How have other women supported you to bring Kakenya’s Dream to life?
Women in the U.S. believed in my dream to educate and empower girls and helped me establish Kakenya’s Dream by giving financial support, opening up their homes, and introducing our work to their friends who kindly gave toward my vision too. 

Women in Kenya, especially those in the communities we work in who were not educated themselves, believed in my dream and brought their daughters to our school. They helped me pick the school uniform colors, they shared their stories with our girls and encouraged them to keep dreaming and to become something one day. They ensured their daughters did not go through FGM and early marriage. They saw them as a generation of women who are empowered to change the social norms that hurt women and girls in our community. They stood with me then and still stand with me today as we continue to work toward achieving my dream! 

What do you admire the most about Maasai women?

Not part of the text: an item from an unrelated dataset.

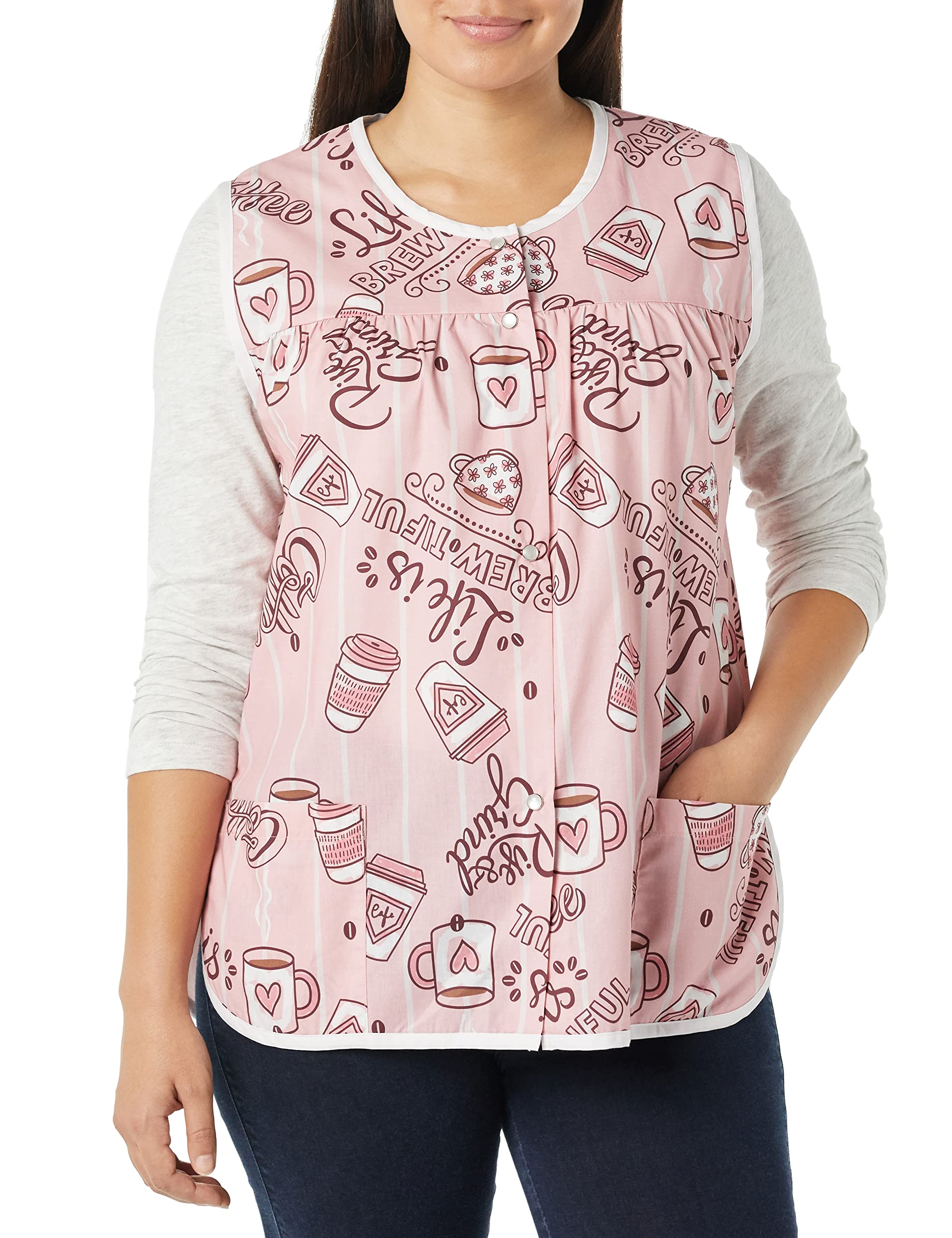 Protects your clothes: This sleeveless smock apron vest has a full front and back, making it a perfect beautician smock, chef smock, kitchen smock, teacher apron uniform or art smock Designed for easy on and off: Our aprons for women have a comfortable, relaxed fit. The snap-front apron has no diffi

What I admire most about Maasai women is their strength. Women are the backbone of Maasai society. We build the very homes that our families live in, farm the land, raise the children, prepare the food we eat, start the fires we cook and warm ourselves with, and collect the water we drink. Despite being seen for centuries as nothing more than commodities to be traded for our bride prices, we persevere. We are resilient and strong in the face of impossible odds and obstacles, and I deeply admire it.